An election for the president of the Presidency of the Central Committee of SKS was held shortly afterwards the election. Stambolić gave up the role to serve as president of Serbia. Like in 1984, Milošević was again proposed as his successor. Milošević would eventually get elected as the president of the Presidency of the Central Committee of SKS on 28 May 1986, winning 151 out of 157 votes of the Central Committee. Dragiša Pavlović, a liberal and Stambolić's ally, was also elected as the president of the City Committee of the League of Communists of Belgrade.
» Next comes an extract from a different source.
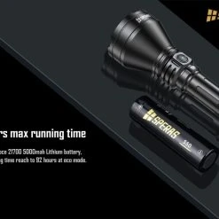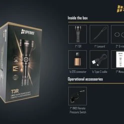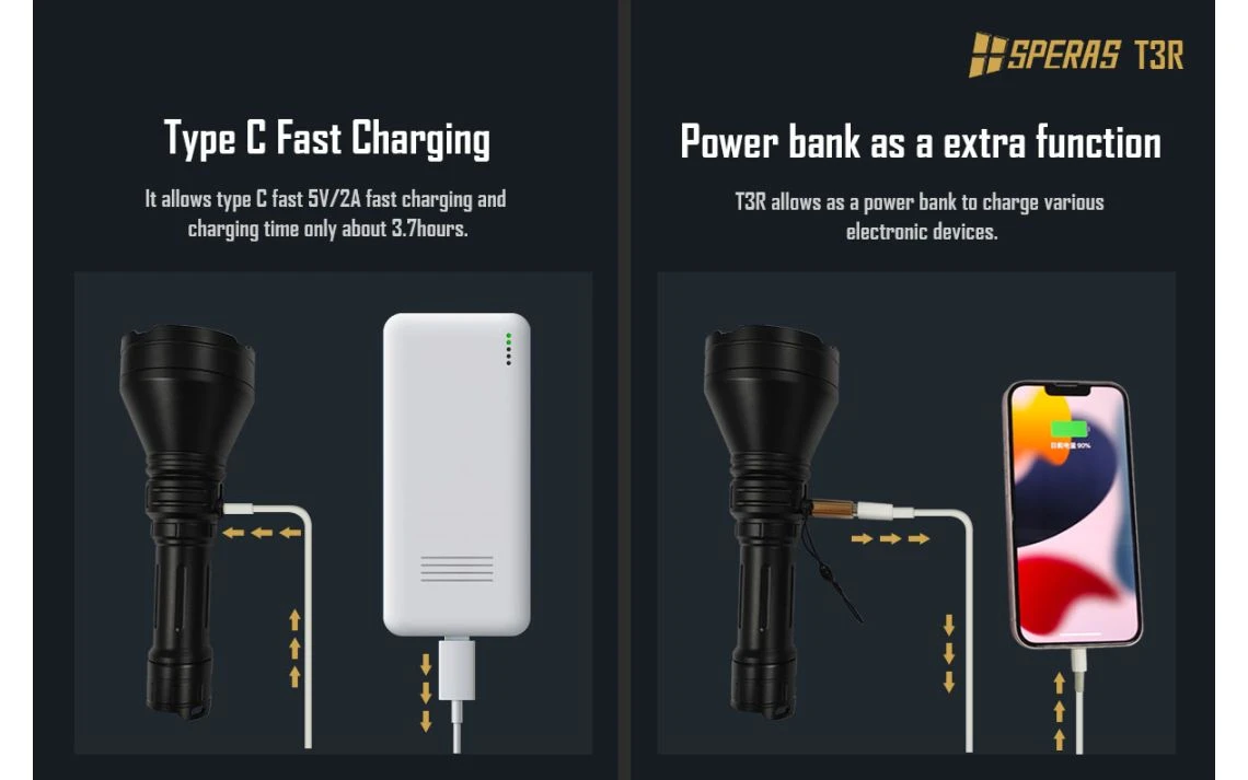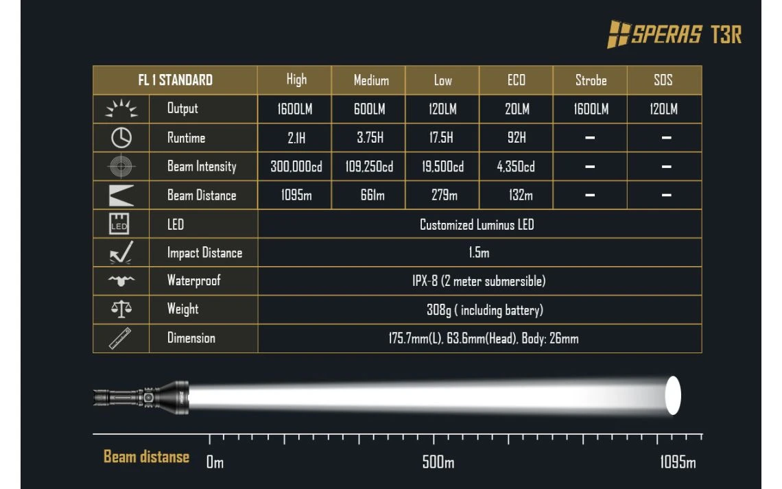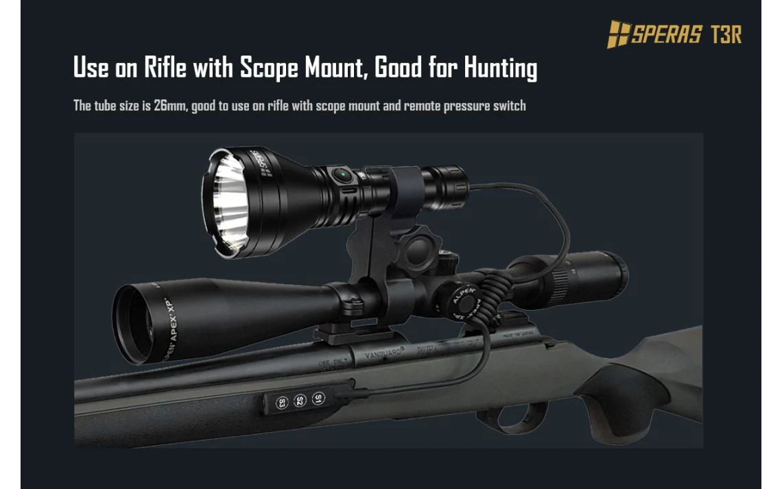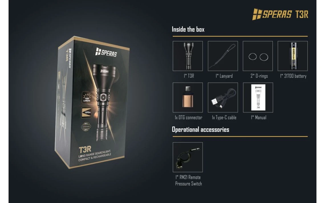 308g, 1600 Lumens, 300,000cd: SPERAS T3R is an innovative “thrower”. Despite its compact size it can reach a maximum throw of 1095 meters with its output of 1,600 lumens. This together with a maximum run time of 92 hours makes it an excellent high performance torch for hunting, outdoor, search and rescue, etc. 21700 powered Type C hunting torch.

Although initially ideologically similar, Milošević adopted populist positions and grew to dislike Pavlović and Stambolić, particularly due to their stances on Kosovo. Milošević would eventually call a session of the Central Committee of SKS in September 1987. At the session, several Stambolić's allies, including Pavlović, would get dismissed; this moment eventually ended Stambolić's political career. With Milošević's order, Stambolić would be dismissed from the position of president of Serbia in December 1987 and was instead appointed president of the National Bank of Yugoslavia for international cooperation.

Milošević would start the anti-bureaucratic revolution in 1988 which effectively toppled regional governments in Montenegro, Vojvodina, and Kosovo.

=== Proposed constitutional changes ===
The government of Serbia and Milošević proposed changes to amend the Yugoslav Constitution in 1988. Adopted by the Assembly in March 1989, the amendments revoked the powers that the autonomous provinces of Vojvodina and Kosovo received in the 1974 constitution.